Will you return, word for word, only the lines from the top of the data below down to and including the one with "インドネシアの伝統的な染め物バティックで作られたテーブルランナー。"?

--- Provided material Enclosed Below ---

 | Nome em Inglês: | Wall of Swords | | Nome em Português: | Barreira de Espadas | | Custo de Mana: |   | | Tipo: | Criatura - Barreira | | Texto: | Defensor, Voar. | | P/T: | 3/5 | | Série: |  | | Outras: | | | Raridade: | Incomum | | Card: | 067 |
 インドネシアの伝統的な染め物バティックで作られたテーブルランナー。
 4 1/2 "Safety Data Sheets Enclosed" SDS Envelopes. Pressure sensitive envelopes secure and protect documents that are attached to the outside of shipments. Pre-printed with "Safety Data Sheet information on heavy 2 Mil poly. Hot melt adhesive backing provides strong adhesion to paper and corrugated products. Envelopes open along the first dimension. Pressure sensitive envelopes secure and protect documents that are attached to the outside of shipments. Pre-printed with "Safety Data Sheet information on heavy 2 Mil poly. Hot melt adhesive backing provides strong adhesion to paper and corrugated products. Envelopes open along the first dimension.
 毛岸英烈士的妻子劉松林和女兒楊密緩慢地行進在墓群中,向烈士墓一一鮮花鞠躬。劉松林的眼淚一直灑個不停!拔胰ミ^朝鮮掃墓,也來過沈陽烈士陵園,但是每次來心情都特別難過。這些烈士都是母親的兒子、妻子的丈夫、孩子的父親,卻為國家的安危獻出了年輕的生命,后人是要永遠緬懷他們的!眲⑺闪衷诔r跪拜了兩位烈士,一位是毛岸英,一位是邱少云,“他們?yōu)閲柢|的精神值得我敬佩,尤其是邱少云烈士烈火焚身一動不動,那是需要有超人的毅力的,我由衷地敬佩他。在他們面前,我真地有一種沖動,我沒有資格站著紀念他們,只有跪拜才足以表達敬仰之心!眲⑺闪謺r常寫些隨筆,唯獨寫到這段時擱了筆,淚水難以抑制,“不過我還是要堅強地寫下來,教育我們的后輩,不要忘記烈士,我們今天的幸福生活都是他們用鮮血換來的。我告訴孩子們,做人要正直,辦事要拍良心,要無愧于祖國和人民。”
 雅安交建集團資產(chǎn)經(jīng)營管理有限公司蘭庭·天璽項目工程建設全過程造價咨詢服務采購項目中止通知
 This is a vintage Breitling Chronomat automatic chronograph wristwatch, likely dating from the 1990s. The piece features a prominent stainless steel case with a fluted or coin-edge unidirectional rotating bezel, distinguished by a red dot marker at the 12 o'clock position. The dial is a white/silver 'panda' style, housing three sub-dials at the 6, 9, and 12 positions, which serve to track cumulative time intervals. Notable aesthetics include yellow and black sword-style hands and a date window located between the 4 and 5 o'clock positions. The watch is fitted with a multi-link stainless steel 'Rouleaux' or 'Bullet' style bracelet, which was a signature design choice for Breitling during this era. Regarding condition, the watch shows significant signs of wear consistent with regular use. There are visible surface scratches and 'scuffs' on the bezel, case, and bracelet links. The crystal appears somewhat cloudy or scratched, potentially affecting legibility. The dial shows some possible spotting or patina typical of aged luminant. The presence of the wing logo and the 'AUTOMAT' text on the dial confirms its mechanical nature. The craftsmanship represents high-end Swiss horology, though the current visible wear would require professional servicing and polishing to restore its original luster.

--- End of Enclosed Provided material ---

**Response below:**
 | Nome em Inglês: | Wall of Swords | | Nome em Português: | Barreira de Espadas | | Custo de Mana: |   | | Tipo: | Criatura - Barreira | | Texto: | Defensor, Voar. | | P/T: | 3/5 | | Série: |  | | Outras: | | | Raridade: | Incomum | | Card: | 067 |
 インドネシアの伝統的な染め物バティックで作られたテーブルランナー。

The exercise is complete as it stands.